Their guilty contract with Robinson is admitted by the demurrer, and it makes an end of this case. Neither they nor the Commonwealth have a right to oust corporators who have come into possession of their franchise in the manner described in the defendants’ pleas. On the state of facts there presented, the decision of the governor, if not conclusive on the judiciary, was a sound one, and is by no means to be reversed by a repeal of the letters patent.

What was he to do? Was he expected to become a party to the agreement with Robinson, and to suffer him to carry off a Pennsylvania franchise for speculative and dishonest purposes? When he had to choose between the proceedings of a majority and a minority of the commissioners, he did well to adopt those that were in substantial accordance with the law and usages of Penn*194'sylvania, instead of those that were a violation of both, and an indignity moreover to the majesty of the Commonwealth.

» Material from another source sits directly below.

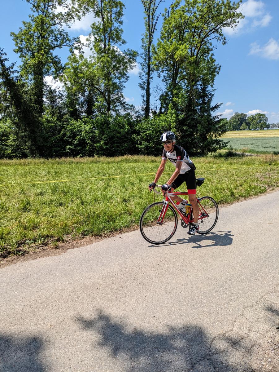 Pedro wählte wie bei den letzten zwei Rennen, wieder die gleiche Strecke, welche verkehrstechnisch optimal war, da wir 2/3 abseits vom Hauptverkehr fahren konnten. Zwischen den zwei Bauernhof-Betriebe gab es diesen knackig kurzen Aufstieg 6 x zu bezwingen. Nicht für mich, da ich bereits bei der Einfahrrunde den Männern mitgeteilt hatte, dass sie zufahren und am offiziellen Start nicht auf mich warten sollten. Da sich Dario und Pedro bereits nach der 2. Runde von der Gruppe absetzte, wurde ich relativ schnell von den Beiden überrundet. Irgendwann rausche Marcel, später Hanspeter und zum Schluss auf meiner 4. Runde auch Viktor an mir vorbei. Da Niemand im Ziel Fotos machte, beendete ich nach 4 Runden das Rennen und konzentrierte mich auf die Zieleinfahrten. Viel Zeit blieb nicht übrig für die Kameraeinstellung, den Pedro war bereits in Sichtweite und fuhr als Sieger dieses Rennens über die Ziellinie. Kurz darauf folgte Dario als Zweiter. Nach und nach trafen auch Marcel, Hanspeter und Viktor ein.

It matters not that they were the proceedings of a minority of the board. It was a minority that was competent to act under the circumstances of the case, and they were the only proceedings that were worthy of the executive sanction.

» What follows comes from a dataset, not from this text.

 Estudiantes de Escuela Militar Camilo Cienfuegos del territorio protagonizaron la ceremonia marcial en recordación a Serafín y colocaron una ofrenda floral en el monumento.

With the subsequent history of the bank we have nothing to do. The information does not allege any abuse or misuse of the charter. It only charges that the charter was improvidently granted. It is founded wholly on prevenient causes, not on subsequent misconduct.

Under the pleadings the complaint has no ground to rest on, and the defendants must have judgment on the demurrer.

And now, to wit, January 8, 1859, this cause having been argued by counsel and considered by the court, it is ordered and adjudged that judgment be entered for the defendants in the demurrer, and that they recover their costs of the persons named in the information as relators.